SIR JOHN C. ECCLES (1903-1997)

Por lo que a las ECM se refiere, había tres campos básicos. Por un lado estaban los creyentes: gente que había pasado por una o a la que, simplemente, le resultaba fácil creer en tales experiencias. Luego, claro está, estaban los incrédulos redomados (como mi antiguo yo). Por lo general, estas personas no se definían como incrédulas. Simplemente, sabían que el cerebro genera la conciencia y no aceptaban ideas absurdas sobre una mente más allá del cuerpo (salvo para consolar a alguien necesitado, como creía yo estar haciendo con Susanna aquel día). Y después estaba el grupo intermedio. Lo formaban personas de todas clases que habían oído hablar de las ECM, bien porque habían leído algo sobre ellas o bien porque —como se trata de un fenómeno extraordinariamente común— tenían algún amigo o pariente que había pasado por una de ellas. Eran las personas que formaban este grupo intermedio a las que más podía ayudar mi relato. El mensaje que conllevan las ECM puede cambiarle la vida a la gente. Pero cuando alguien que puede estar abierto a dar crédito a este tipo de experiencias pregunta a un médico o a un científico —custodios oficiales en nuestra sociedad de la cuestión de lo real y lo irreal—, éste suele responder, con delicadeza pero con firmeza, que las ECM son alucinaciones, productos de un cerebro que lucha para aferrarse a la vida y nada más.

Como médico que había pasado por lo que yo había pasado, estaba en condiciones de contarles una historia diferente. Y cuanto más lo pensaba, más comprendía que tenía el deber de hacerlo.

Una a una, fui poniendo por escrito las sugerencias que sabía que ofrecerían mis colegas (como habría hecho yo mismo en los viejos tiempos) para explicar lo que me había sucedido. (Si deseas más información, consulta las hipótesis neurocientíficas, que incluyo en el Apéndice B).

¿Era mi experiencia un primitivo programa creado por el tallo cerebral con el fin de aliviar el dolor terminal y el sufrimiento, algo así como una versión evolucionada de las estrategias de «muerte fingida» que utilizan los animales inferiores? Esta idea la descarté desde el principio. Sencillamente, era imposible que las cosas que había percibido, con su enorme sofisticación visual y existencial y el profundo grado de sentido de trascendencia que las acompañaba, fuesen obra de la parte reptiliana de mi cerebro.

¿Se trataba de recuerdos distorsionados procedentes de las zonas profundas de mi sistema límbico, la parte del cerebro que alimenta las percepciones emocionales? Tampoco. Sin un neocórtex funcional, el sistema límbico no podría producir visiones tan nítidas y dotadas de lógica como las que yo experimenté.

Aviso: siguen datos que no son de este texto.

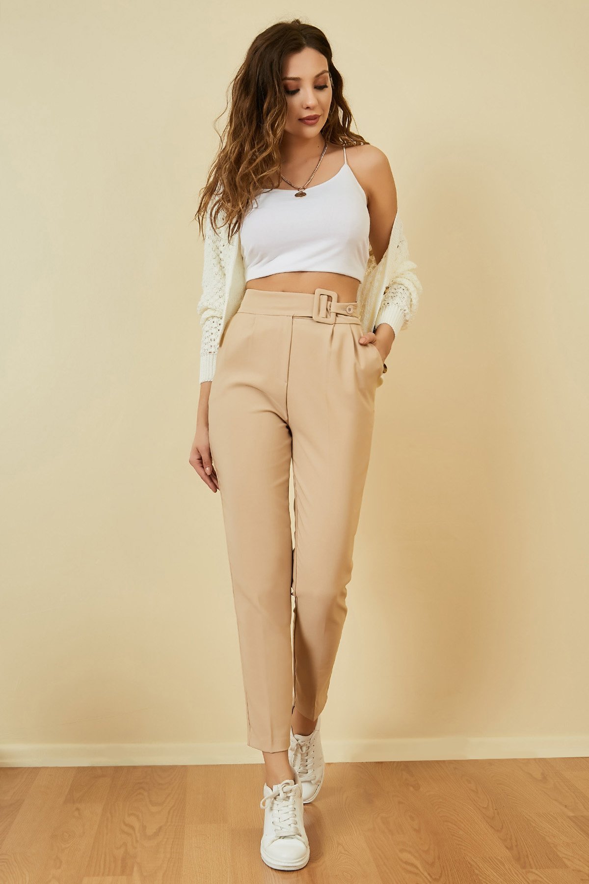 Düğme iliklemeli, fermuar kapama, çift cepli, bitişik kemer detaylı, tam kalıp pantolon.%80 Pamuk %20 PolyesterBoy Uzunluğu: 97 cmModelin Üzerindeki Ürün 36/S Bedendir.Modelin Ölçüleri:Boy:1,74, Göğüs:89, Bel:59, Kalça:93

¿Podía tratarse de una visión psicodélica generada por alguno de los (numerosos) fármacos que me administraban? De nuevo parece que no, puesto que estos fármacos interaccionan con los receptores del neocórtex. Y como éste no estaba funcionando, no había ningún lienzo sobre el que hubiesen podido dibujar aquel cuadro.

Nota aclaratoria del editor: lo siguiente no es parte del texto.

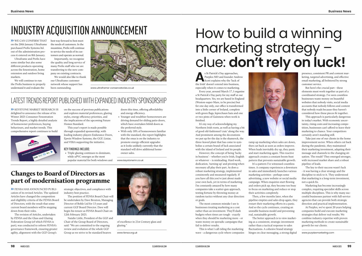» KEYSTONE MARKET RESEARCH IS delighted to announce the release of its Winter 2025 Consumer Fenestration Trends Report , a highly detailed analysis of homeowner preferences , buying behaviours , and market trends . This comprehensive report continues to build on the success of previous publications and explores material preferences , glazing styles , energy efficiency priorities , and the implications of the upcoming Future Homes Standard .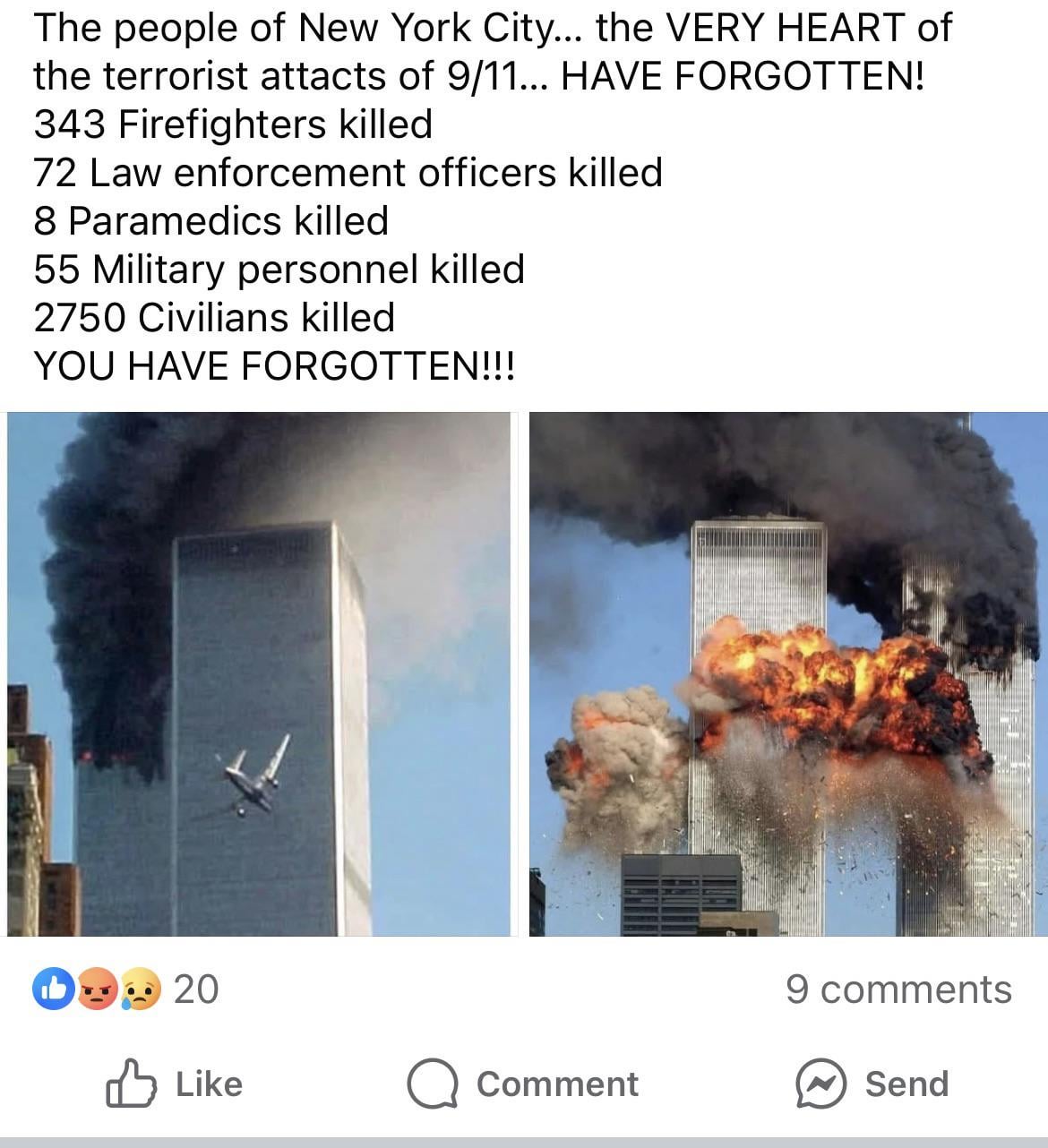 The only thing that’s been forgotten. Is the rampant racism and Islamophobia that sprang up after 9/11. I still remember Sikhs getting assaulted because Americans were so racist they thought anyone wearing a head wrap was a terrorist.

¿Y una intrusión del sueño REM? Así es como se llama a un síndrome (relacionado con el sueño REM, la fase en la que se producen los sueños) en el que los neurotransmisores naturales, como la serotonina, interactúan con los receptores del neocórtex. Lo siento, pero tampoco. La intrusión REM requiere de un neocórtex funcional y yo carecía de uno en aquel momento.

También estaba el fenómeno hipotético conocido como el «basurero DMT». En él, la glándula pineal reacciona al estrés generado por una amenaza contra el cerebro segregando una sustancia llamada DMT (o N,N-dimetiltriptamina). Desde el punto de vista estructural, la DMT es similar a la serotonina y puede generar estados alucinatorios sumamente intensos. Yo no tenía experiencia personal con esta sustancia —y sigo sin tenerla—, por lo que carezco de argumentos para contradecir a quienes afirman que puede producir experiencias psicodélicas muy verosímiles. Incluso puede que con implicaciones genuinas para nuestra comprensión de lo que son realmente la conciencia y la realidad.

Sin embargo, el hecho sigue siendo que la parte del cerebro a la que afecta el alucinógeno DMT (el neocórtex) no podía verse afectada en mi caso. Así que para «explicar» lo que me había sucedido, la hipótesis del basurero DMT se queda tan radicalmente corta como todas las demás y por la misma razón esencial. Los alucinógenos afectan al neocórtex y el mío no podía verse afectado porque no estaba operativo.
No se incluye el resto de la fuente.